• PROBLEM REQUIREMENTS
Check every line below for the word "Starym" and give only the number of lines where it appears.

• SUPPLIED RECORDS
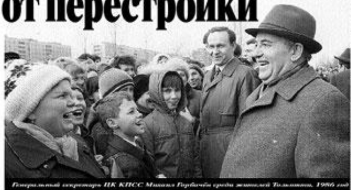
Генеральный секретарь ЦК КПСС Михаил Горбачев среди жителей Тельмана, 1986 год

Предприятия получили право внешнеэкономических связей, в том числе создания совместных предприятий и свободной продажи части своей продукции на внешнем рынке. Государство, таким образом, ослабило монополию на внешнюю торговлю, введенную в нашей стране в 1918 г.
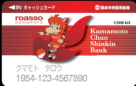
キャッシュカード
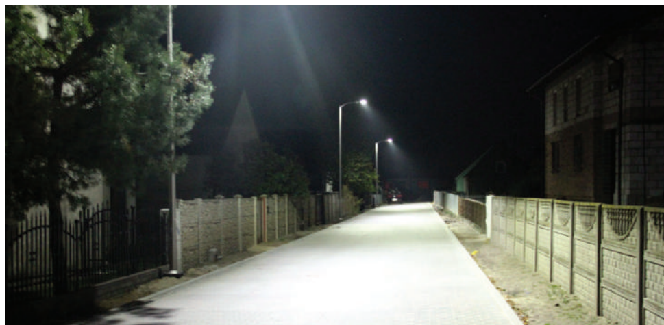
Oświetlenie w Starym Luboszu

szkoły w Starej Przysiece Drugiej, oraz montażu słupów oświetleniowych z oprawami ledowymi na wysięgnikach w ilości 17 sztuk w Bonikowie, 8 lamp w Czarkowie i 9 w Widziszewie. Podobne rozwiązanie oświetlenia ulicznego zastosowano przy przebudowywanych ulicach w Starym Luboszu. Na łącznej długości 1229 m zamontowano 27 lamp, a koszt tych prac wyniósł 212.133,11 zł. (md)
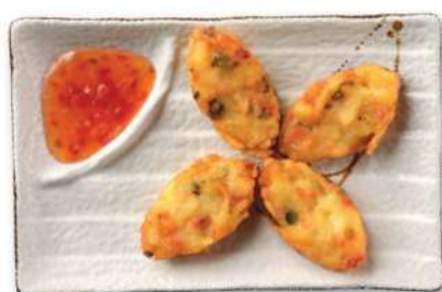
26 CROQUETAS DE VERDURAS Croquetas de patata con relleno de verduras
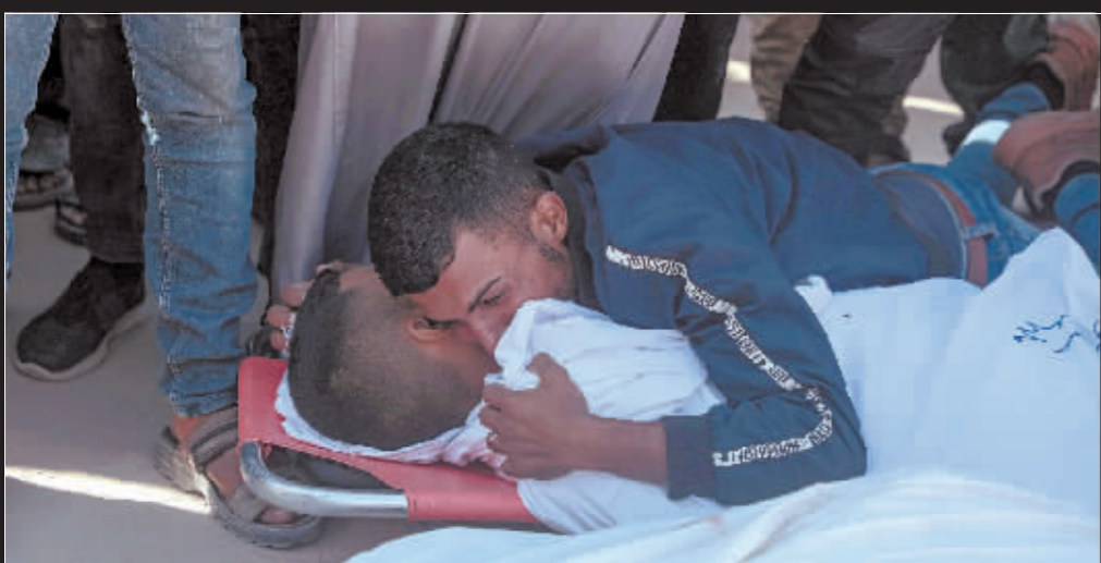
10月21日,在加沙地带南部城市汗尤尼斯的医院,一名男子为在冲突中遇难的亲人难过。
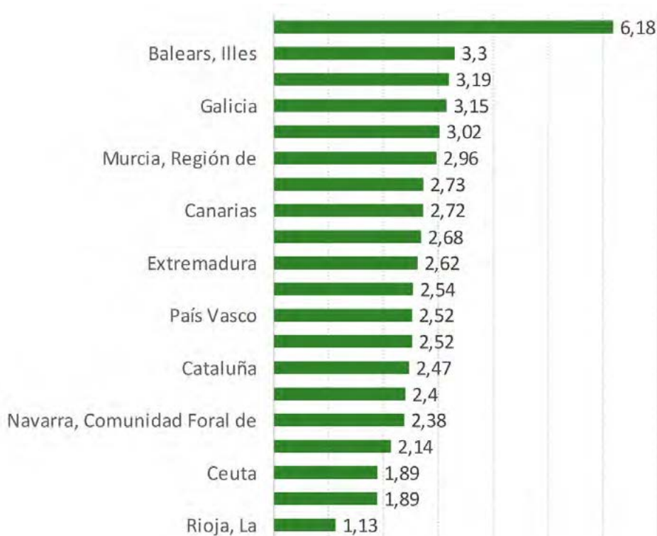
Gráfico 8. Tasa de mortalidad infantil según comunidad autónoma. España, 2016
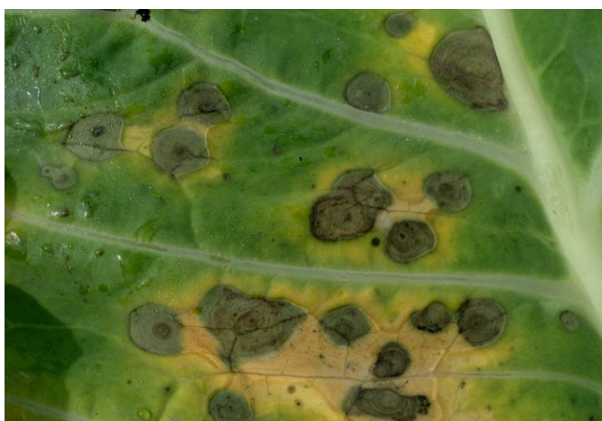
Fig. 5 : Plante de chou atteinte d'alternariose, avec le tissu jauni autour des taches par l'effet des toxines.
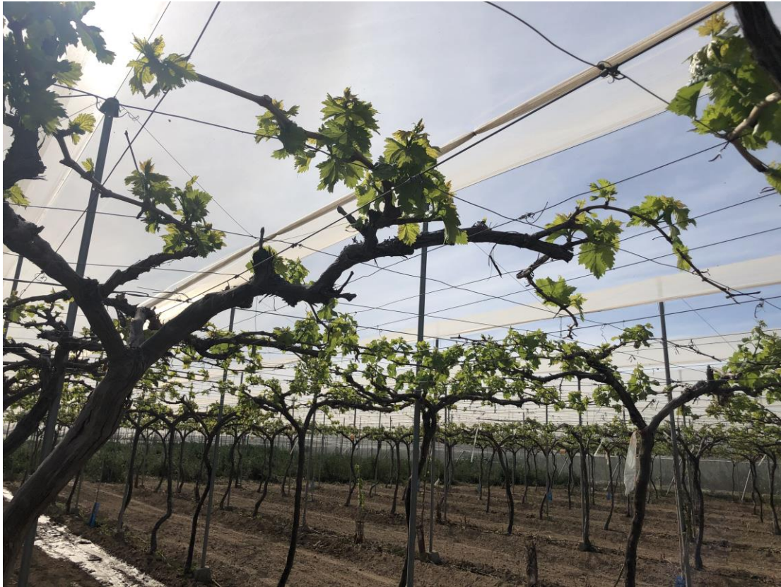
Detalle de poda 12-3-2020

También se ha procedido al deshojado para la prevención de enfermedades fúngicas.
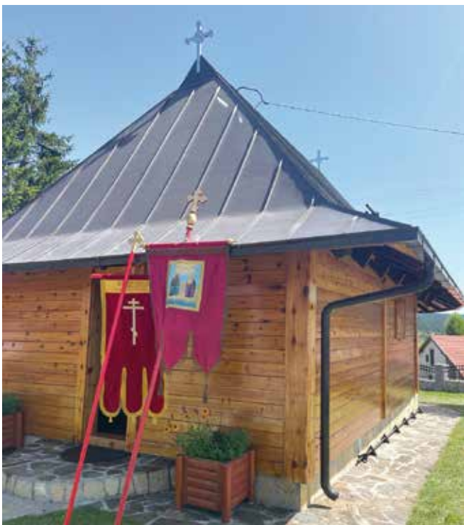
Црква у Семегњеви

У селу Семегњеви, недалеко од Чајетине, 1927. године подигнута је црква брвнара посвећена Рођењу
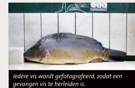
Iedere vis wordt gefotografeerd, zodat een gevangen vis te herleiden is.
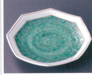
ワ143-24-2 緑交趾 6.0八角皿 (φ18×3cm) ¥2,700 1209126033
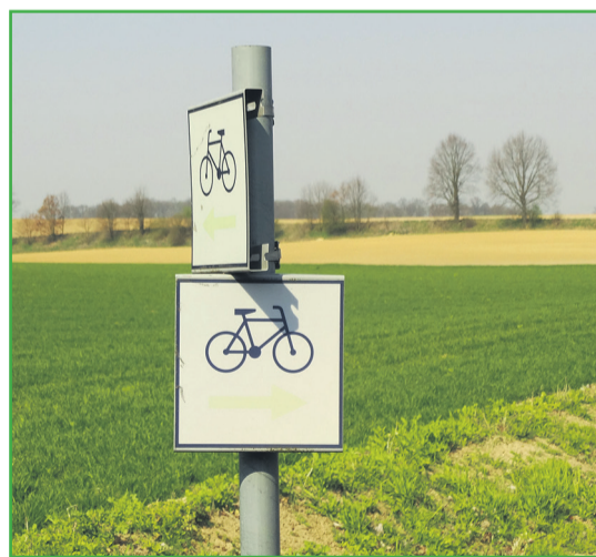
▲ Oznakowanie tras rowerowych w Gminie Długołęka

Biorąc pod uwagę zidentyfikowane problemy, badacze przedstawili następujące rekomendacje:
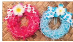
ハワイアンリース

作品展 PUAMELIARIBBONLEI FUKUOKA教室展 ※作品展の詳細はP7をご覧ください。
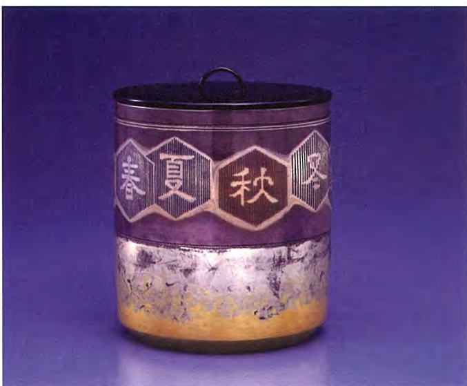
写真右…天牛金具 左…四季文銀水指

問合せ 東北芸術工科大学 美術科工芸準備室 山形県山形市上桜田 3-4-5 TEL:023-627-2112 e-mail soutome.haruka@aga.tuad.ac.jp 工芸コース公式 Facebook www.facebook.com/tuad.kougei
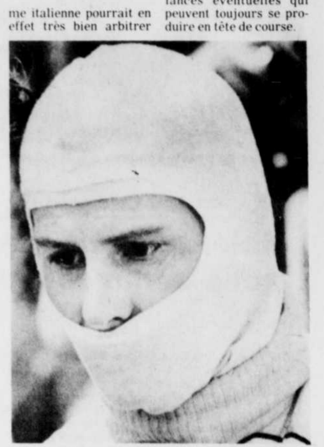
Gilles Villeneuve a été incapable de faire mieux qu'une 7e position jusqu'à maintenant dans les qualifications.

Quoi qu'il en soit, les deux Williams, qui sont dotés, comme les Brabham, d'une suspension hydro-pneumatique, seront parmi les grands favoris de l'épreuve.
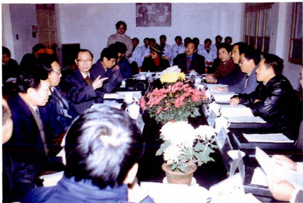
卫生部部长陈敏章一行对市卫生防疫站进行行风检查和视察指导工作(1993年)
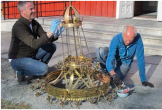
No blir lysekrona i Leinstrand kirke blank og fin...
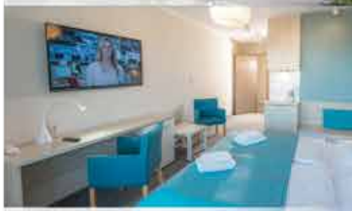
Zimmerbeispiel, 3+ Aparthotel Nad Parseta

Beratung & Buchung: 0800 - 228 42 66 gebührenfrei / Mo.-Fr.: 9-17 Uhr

--

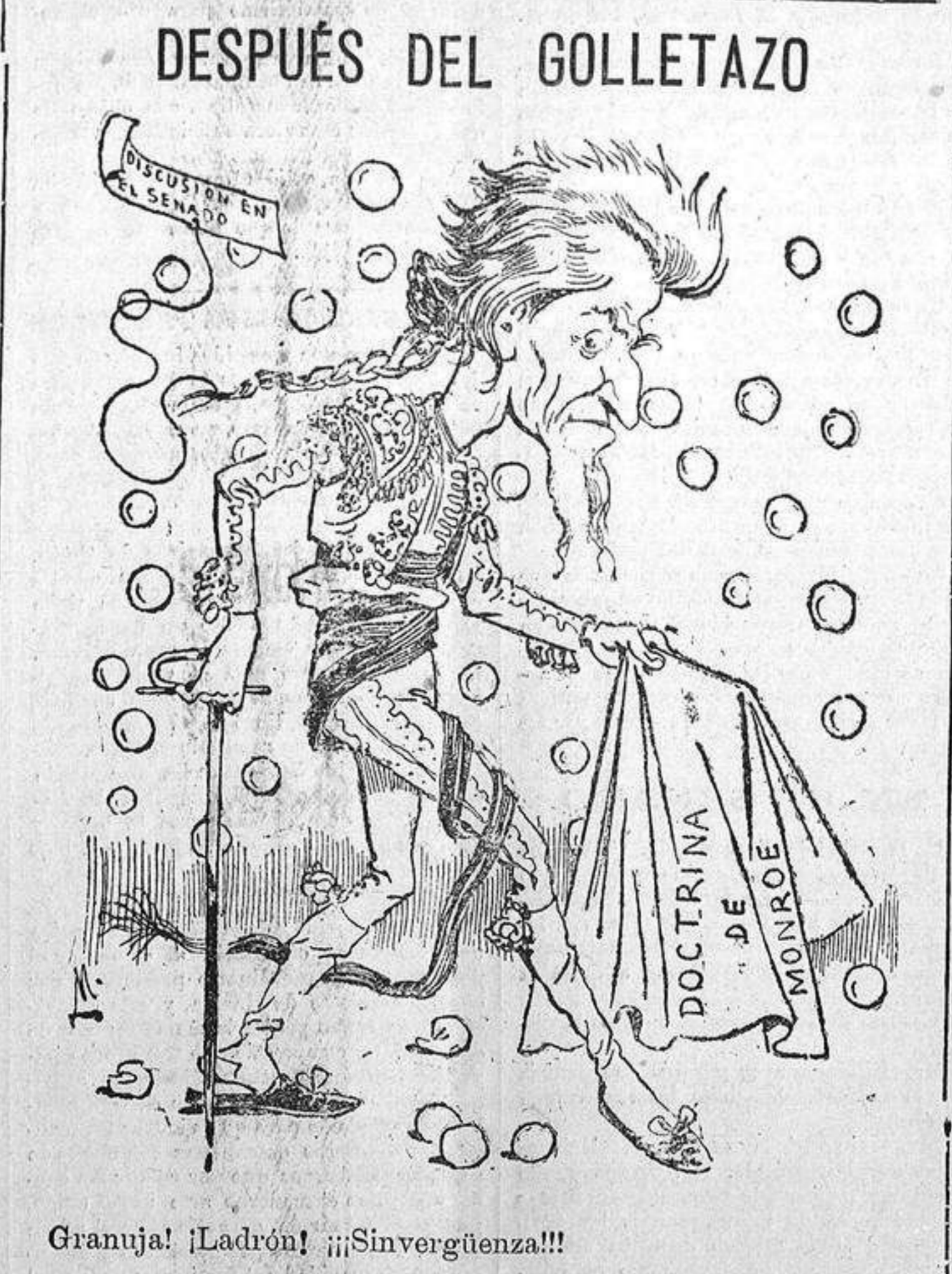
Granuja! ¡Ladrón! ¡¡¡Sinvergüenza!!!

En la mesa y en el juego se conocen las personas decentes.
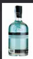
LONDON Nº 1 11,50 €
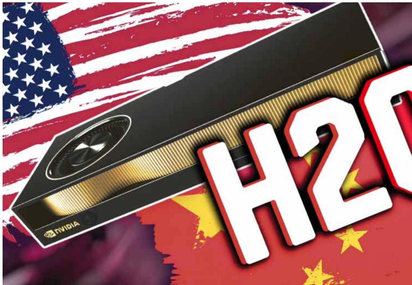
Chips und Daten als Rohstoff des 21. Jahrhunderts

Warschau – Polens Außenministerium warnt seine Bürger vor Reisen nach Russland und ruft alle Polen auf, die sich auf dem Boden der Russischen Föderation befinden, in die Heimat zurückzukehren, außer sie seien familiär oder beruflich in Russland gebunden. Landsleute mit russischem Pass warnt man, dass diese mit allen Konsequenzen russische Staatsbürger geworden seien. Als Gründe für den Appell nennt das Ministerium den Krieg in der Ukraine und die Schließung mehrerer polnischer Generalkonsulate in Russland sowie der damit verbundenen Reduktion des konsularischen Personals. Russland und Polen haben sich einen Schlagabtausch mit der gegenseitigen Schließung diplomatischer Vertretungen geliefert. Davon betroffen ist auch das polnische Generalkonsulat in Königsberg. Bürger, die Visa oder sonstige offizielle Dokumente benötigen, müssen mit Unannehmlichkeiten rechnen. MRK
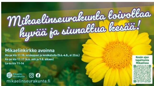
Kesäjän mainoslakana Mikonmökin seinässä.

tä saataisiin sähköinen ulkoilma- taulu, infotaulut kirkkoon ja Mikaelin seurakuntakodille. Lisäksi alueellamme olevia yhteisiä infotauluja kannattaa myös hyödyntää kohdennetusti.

• SOLVED PROBLEM
2